Ecology and habitat.
Solanum stellaticalycinum grows as a single stemmed herb (Figs 1A, 2A) in the understory of primary montane forests, often close to the somewhat open borders of rural paths, between 2,399 and 3,000 m elevation. Plants have been collected in flower between August and November (Fig. 1A), and fruiting specimens in April and October. It is likely that these plants bloom irregularly all year round, as do many other solanums from similar habitats.
Solanum stellaticalycinum M.A.Cueva, Treviño & D.Sotomayor. A, B. Habit; C. Inflorescence; D. Flower at full anthesis; E. Floral buds; F. Fruit (M. Cueva et al. 645). Photos by M.A. Cueva.
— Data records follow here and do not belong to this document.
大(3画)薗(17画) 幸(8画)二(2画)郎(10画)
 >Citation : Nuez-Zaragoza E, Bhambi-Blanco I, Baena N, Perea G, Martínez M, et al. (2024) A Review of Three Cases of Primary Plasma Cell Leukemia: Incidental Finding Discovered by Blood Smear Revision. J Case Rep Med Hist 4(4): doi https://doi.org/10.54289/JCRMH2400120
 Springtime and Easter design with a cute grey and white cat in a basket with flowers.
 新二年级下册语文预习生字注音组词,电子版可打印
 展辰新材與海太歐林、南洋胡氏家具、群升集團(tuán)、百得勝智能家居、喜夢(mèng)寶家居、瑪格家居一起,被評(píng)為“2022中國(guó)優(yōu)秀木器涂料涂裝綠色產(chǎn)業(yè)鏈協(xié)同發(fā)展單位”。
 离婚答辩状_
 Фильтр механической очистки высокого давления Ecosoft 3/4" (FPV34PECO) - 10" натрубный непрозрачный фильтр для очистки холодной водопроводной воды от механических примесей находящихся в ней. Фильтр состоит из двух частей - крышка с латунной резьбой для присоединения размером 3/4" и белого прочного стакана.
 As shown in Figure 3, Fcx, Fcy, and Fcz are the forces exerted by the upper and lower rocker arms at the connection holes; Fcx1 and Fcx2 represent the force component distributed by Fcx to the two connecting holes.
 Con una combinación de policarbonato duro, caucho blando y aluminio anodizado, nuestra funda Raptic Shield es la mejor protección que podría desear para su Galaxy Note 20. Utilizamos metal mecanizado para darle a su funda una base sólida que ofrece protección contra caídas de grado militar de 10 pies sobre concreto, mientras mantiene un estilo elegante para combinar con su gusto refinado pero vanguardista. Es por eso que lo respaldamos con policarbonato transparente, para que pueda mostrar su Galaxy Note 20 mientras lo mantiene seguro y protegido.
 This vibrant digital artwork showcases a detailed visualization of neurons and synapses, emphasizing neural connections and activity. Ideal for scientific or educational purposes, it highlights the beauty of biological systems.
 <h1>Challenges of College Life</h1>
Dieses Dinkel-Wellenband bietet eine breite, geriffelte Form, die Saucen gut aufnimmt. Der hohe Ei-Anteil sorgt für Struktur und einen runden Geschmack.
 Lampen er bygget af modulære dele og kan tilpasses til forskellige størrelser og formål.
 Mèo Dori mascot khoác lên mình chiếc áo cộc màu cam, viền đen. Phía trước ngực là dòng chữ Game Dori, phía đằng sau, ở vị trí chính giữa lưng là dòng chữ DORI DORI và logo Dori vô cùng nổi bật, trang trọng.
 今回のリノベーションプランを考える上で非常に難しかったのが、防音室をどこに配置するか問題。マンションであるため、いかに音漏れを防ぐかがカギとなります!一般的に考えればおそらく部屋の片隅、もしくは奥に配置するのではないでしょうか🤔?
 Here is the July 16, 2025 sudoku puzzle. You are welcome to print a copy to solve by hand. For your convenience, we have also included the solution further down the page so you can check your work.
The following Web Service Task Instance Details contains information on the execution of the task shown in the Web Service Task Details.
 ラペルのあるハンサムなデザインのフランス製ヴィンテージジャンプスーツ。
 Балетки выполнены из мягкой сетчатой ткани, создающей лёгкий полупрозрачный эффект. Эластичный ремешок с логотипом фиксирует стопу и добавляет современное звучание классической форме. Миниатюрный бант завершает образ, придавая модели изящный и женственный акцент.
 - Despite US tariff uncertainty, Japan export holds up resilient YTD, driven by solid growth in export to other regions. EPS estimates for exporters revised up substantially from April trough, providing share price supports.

Solanum stellaticalycinum. A. Habit; B. Inflorescence; C. Flower; D. Floral dissection; E. Anther detail; F. Gynoecium detail. G, H. Fruit longitudinally dissected to reveal seeds (based on M. Cueva et al. 645). Illustration by Maria I. Villalba.
Images of the seed coat using SEM from Solanum stellaticalycinum. A. Whole seed; B. Testal cell shape detail. Scale bar in image.
Distribution of Solanum stellaticalycinum. Abbreviations: Yanachaga‐Chemillén National Park (PNYCH), Buffer Zone (ZA), Reserva Comunal Yanesha (RCY), Bosque de Protección San Matías San Carlos (BPSMSC).
Etymology.
The species epithet refers to the shape of the calyx, which is like a star (see Figs 1, 2). This character is not present in any other species of the Pteroidea clade.
Preliminary conservation status
**(IUCN 2022).**Solanum stellaticalycinum is here assigned a preliminary threat status of Endangered (EN), using the criteria B1ab (i, iii). It is only known from three localities, and the known range (EOO) is approximately 111.9 km^2^. It is likely that this species is distributed along the entire extension of the Yanachaga range, which occurs within the Yanachaga-Chemillén National Park, an area protected by the Peruvian government. It possible however, that in the future, the area of occupancy of this species will shrink in response to habitat modification resulting from human activities in buffer zone areas of the park.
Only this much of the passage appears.